[Records excerpted from a collection]
******

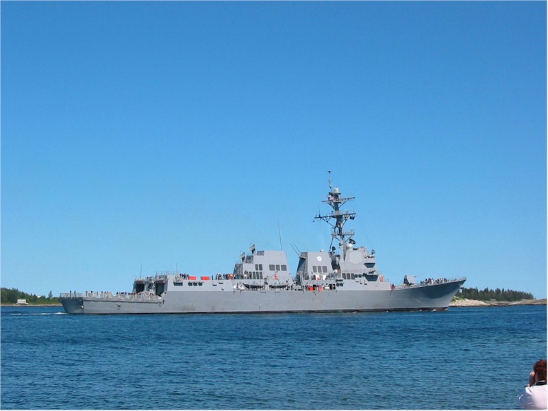 | 89k | June 16 2003, CHAFEE exiting the Kennebec River as she heads out to sea for combined A/B (Builders) Sea Trials. The picture was taken from Fort Popham. Note the orange containers on the aft VLS deck, they held life vests for the 400(!) folks that rode her for sea trials. | Bill Gonyo/CDR Armando Ramirez, USN Interoperability Branch Chief J-8/JIAMDO |
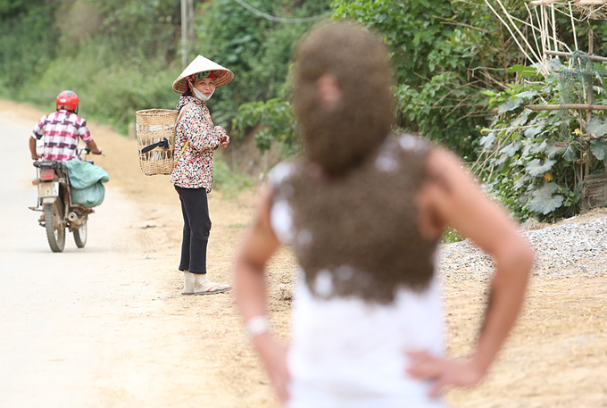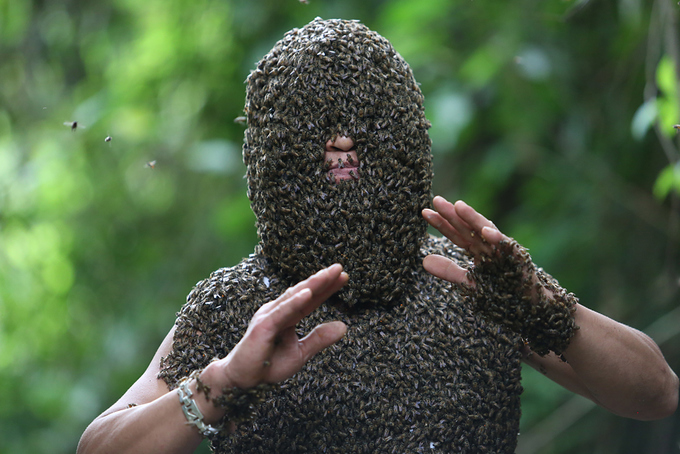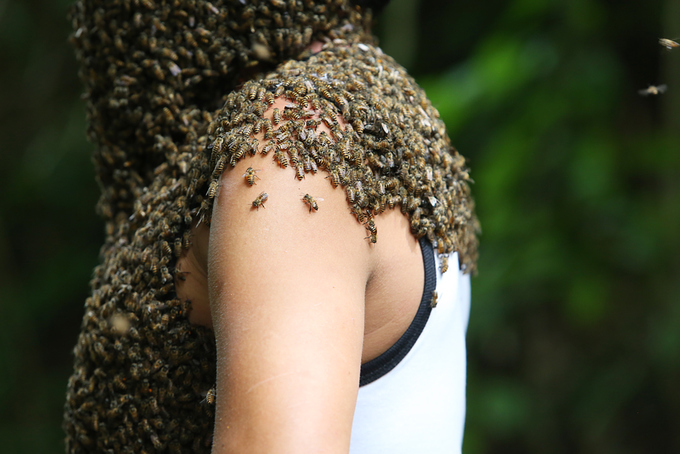 Đàn ong đậu kín nhưng "dị nhân" vẫn thoải mái di chuyển, nói chuyện.
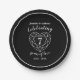 Black onyx celebrating 7 years of love wedding anniversary party paper plates. Simple outline heart stone line art graphics black and white onyx wedding anniversary paper plates. Personalize with your own wedding party details. The 7th anniversary is associated with the gemstone black onyx and the heart symbolises love. Graphics and design by Sarah Trett for www.mylittleedenweddings.com on zazzle.
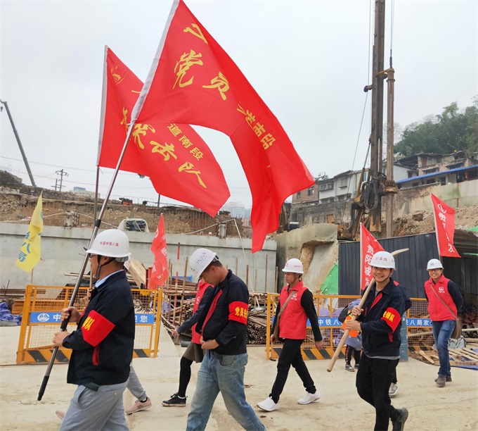 “小型材料要按规格型号分类摆放、材料堆码要上盖下垫、堆码整齐...”活动现场,志愿队互相不停地吆喝着。女生打扫路面、桥面、捡扣件、码螺帽,男生挪泵管、抬钢筋、堆波纹管,在“党员先锋队、青年突击队”两面旗帜的辉映下,志愿队成员们有条不紊地忙着,交织成现场紧张繁忙的画面。
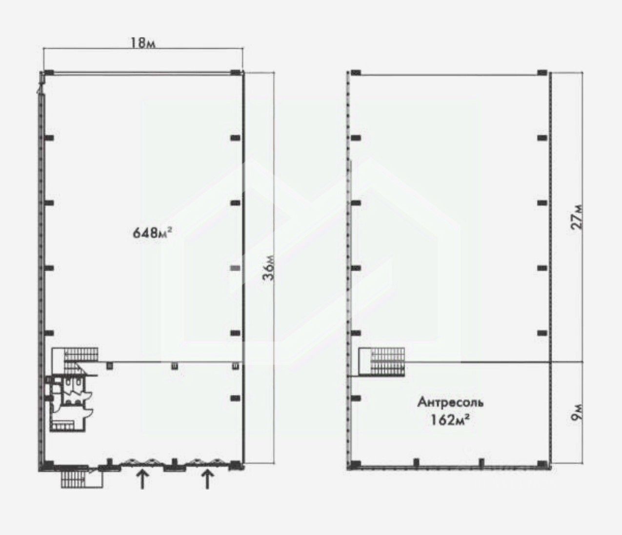 Складская площадь: 648 кв. м.
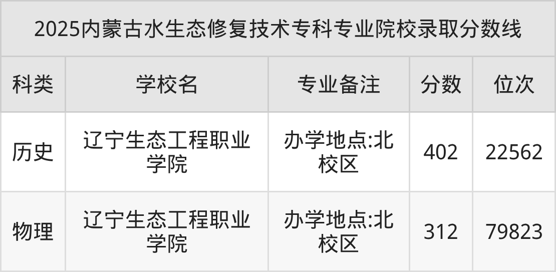 2025年內(nèi)蒙古水生態(tài)修復技術(shù)分數(shù)線排名前2的大學名單(專科最難報考):
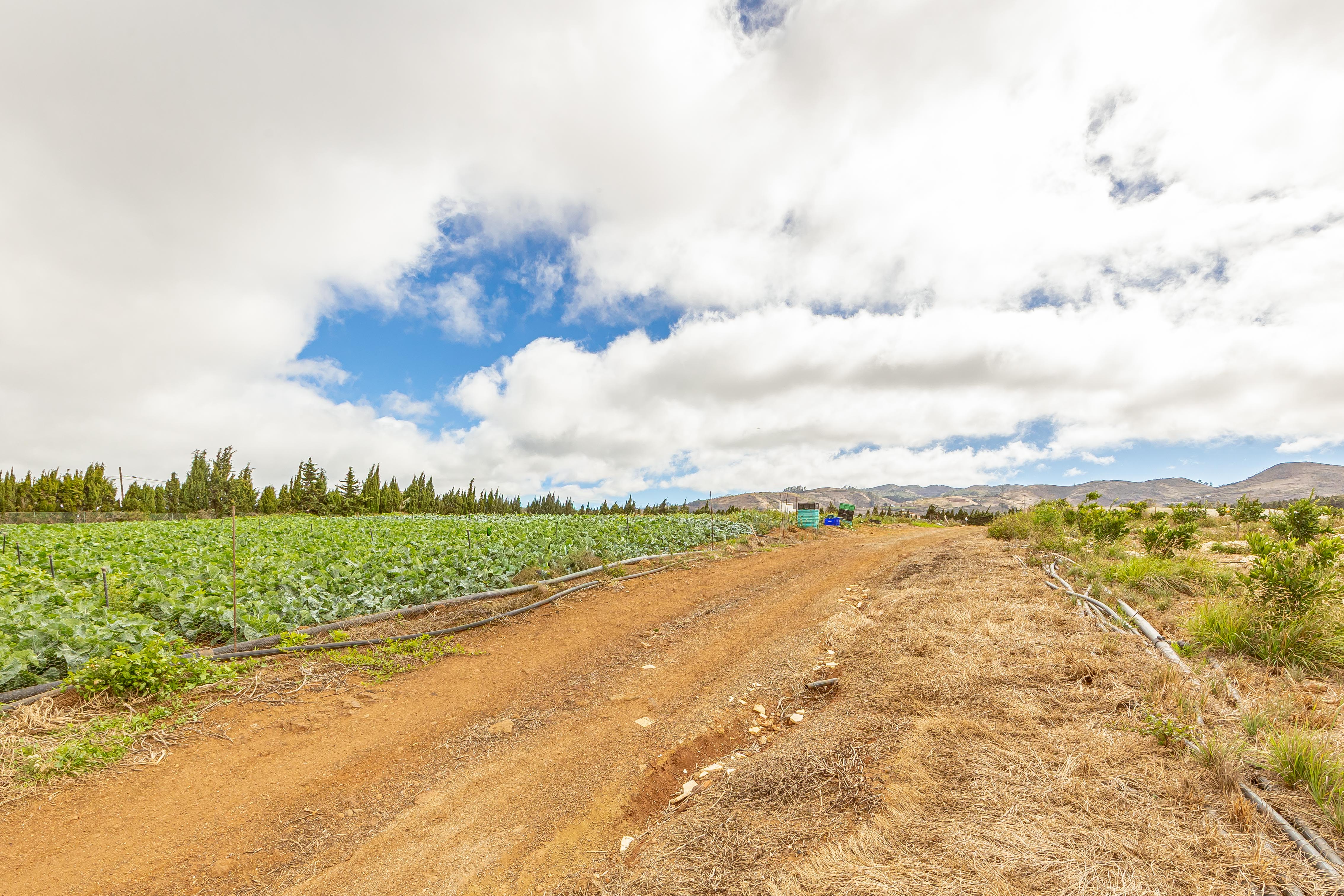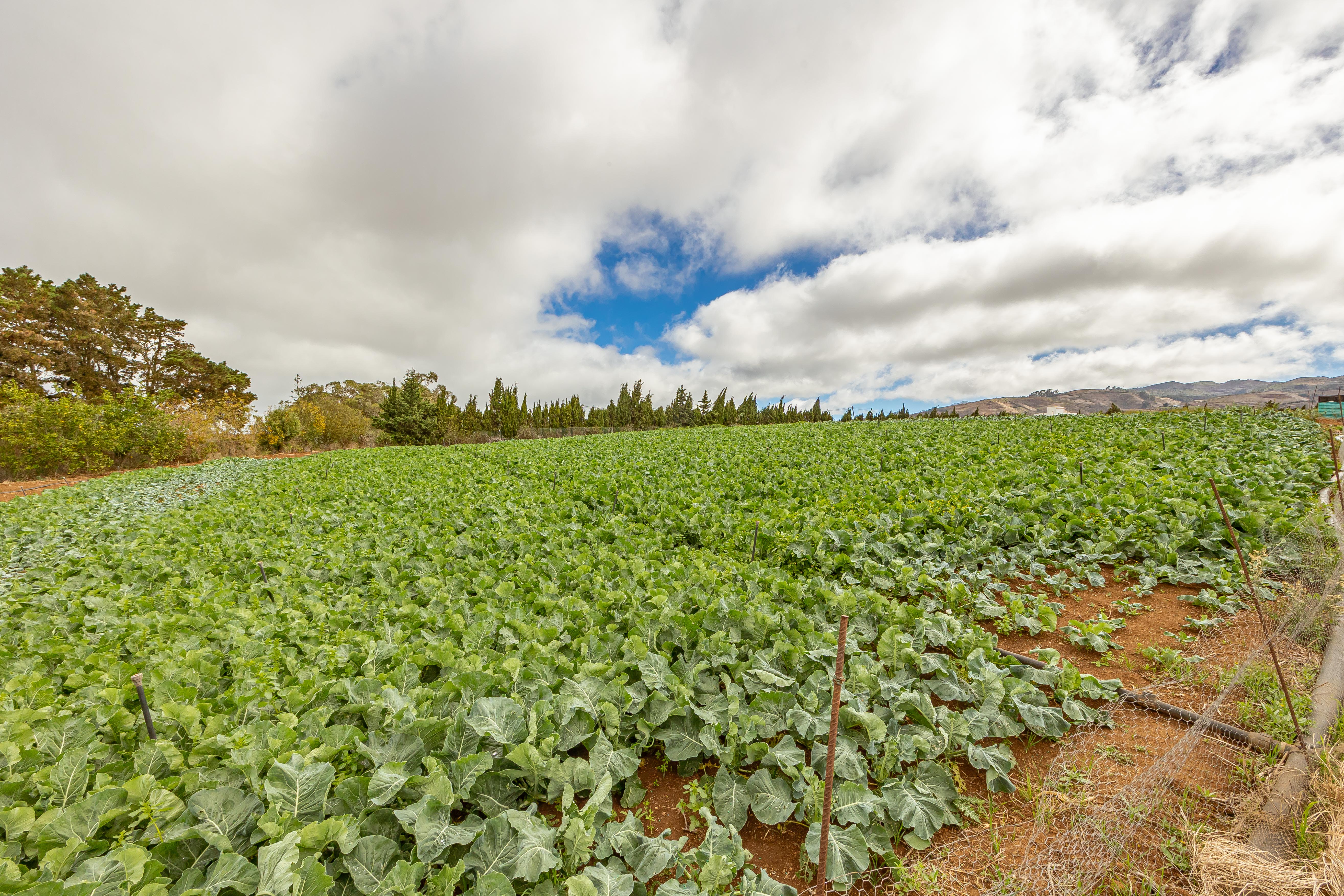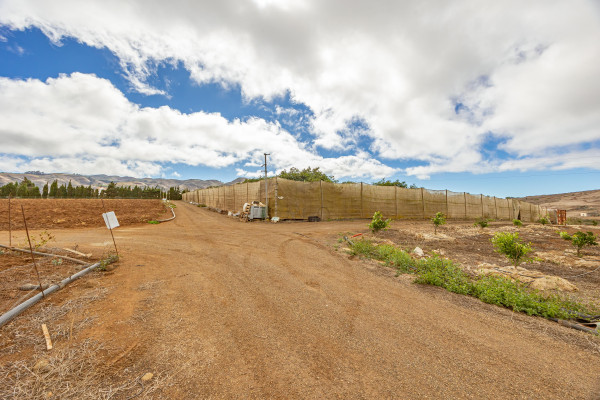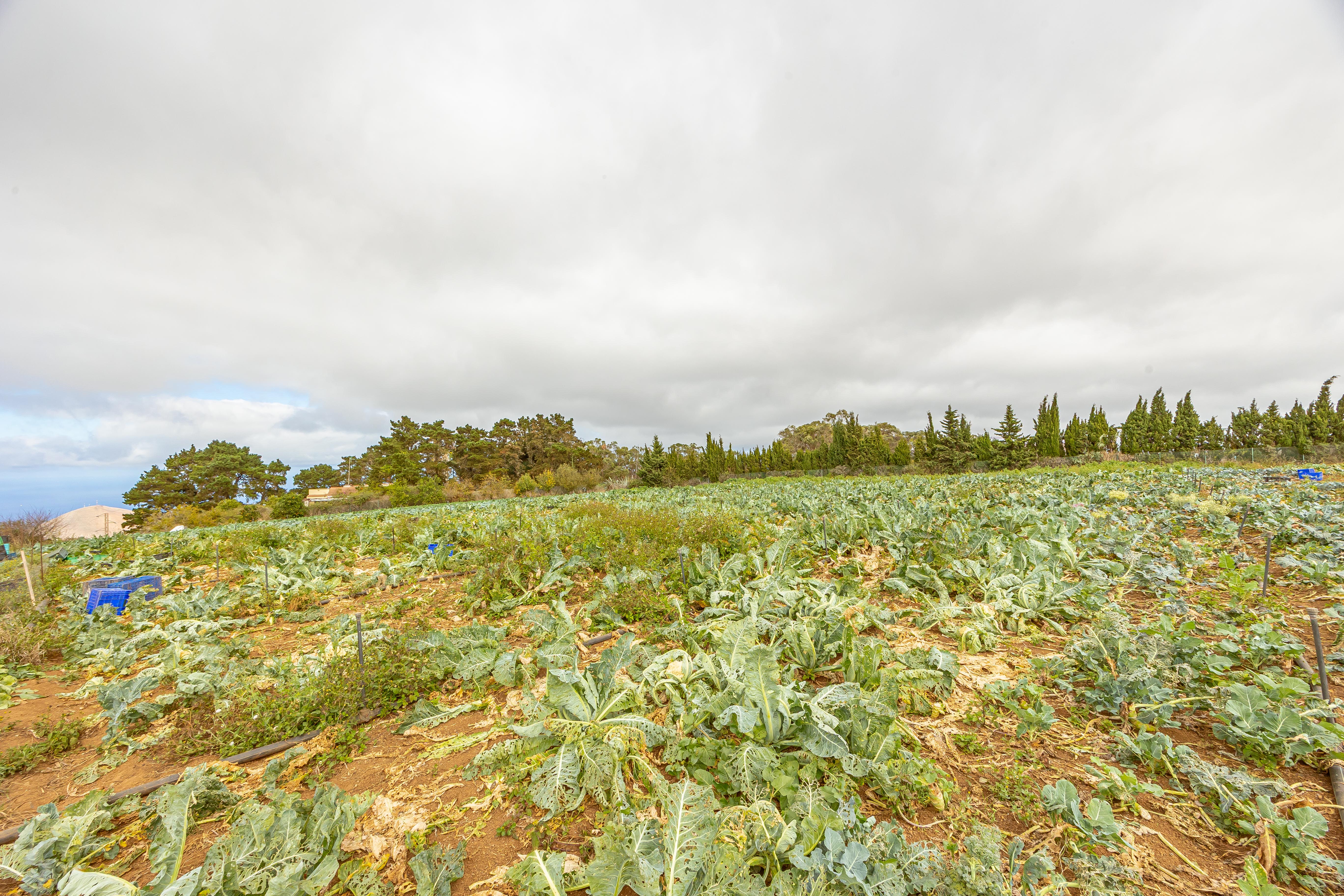 Actualmente la finca se encuentra en plena fase de desarrollo, con plantaciones jóvenes de unos nueve años, lo que significa que están entrando en su periodo óptimo de producción. Existen bancales estructurados con cultivos de aguacate, naranjo, limonero, limero, mandarino, papas y coliflor, así como zonas de huerta y frutales según el desglose de recintos SIGPAC (superficies de cítricos: 1,1435 ha; frutales: 1,0300 ha; huerta: 1,1809 ha).

******

**YOUR GOAL**
From the first line to the last, reproduce the records above exactly and skip the pictures.

**THE ANSWER**
 | 89k | June 16 2003, CHAFEE exiting the Kennebec River as she heads out to sea for combined A/B (Builders) Sea Trials. The picture was taken from Fort Popham. Note the orange containers on the aft VLS deck, they held life vests for the 400(!) folks that rode her for sea trials. | Bill Gonyo/CDR Armando Ramirez, USN Interoperability Branch Chief J-8/JIAMDO |
 Đàn ong đậu kín nhưng "dị nhân" vẫn thoải mái di chuyển, nói chuyện.
 Black onyx celebrating 7 years of love wedding anniversary party paper plates. Simple outline heart stone line art graphics black and white onyx wedding anniversary paper plates. Personalize with your own wedding party details. The 7th anniversary is associated with the gemstone black onyx and the heart symbolises love. Graphics and design by Sarah Trett for www.mylittleedenweddings.com on zazzle.
 “小型材料要按规格型号分类摆放、材料堆码要上盖下垫、堆码整齐...”活动现场,志愿队互相不停地吆喝着。女生打扫路面、桥面、捡扣件、码螺帽,男生挪泵管、抬钢筋、堆波纹管,在“党员先锋队、青年突击队”两面旗帜的辉映下,志愿队成员们有条不紊地忙着,交织成现场紧张繁忙的画面。
 Складская площадь: 648 кв. м.
 2025年內(nèi)蒙古水生態(tài)修復技術(shù)分數(shù)線排名前2的大學名單(專科最難報考):
 Actualmente la finca se encuentra en plena fase de desarrollo, con plantaciones jóvenes de unos nueve años, lo que significa que están entrando en su periodo óptimo de producción. Existen bancales estructurados con cultivos de aguacate, naranjo, limonero, limero, mandarino, papas y coliflor, así como zonas de huerta y frutales según el desglose de recintos SIGPAC (superficies de cítricos: 1,1435 ha; frutales: 1,0300 ha; huerta: 1,1809 ha).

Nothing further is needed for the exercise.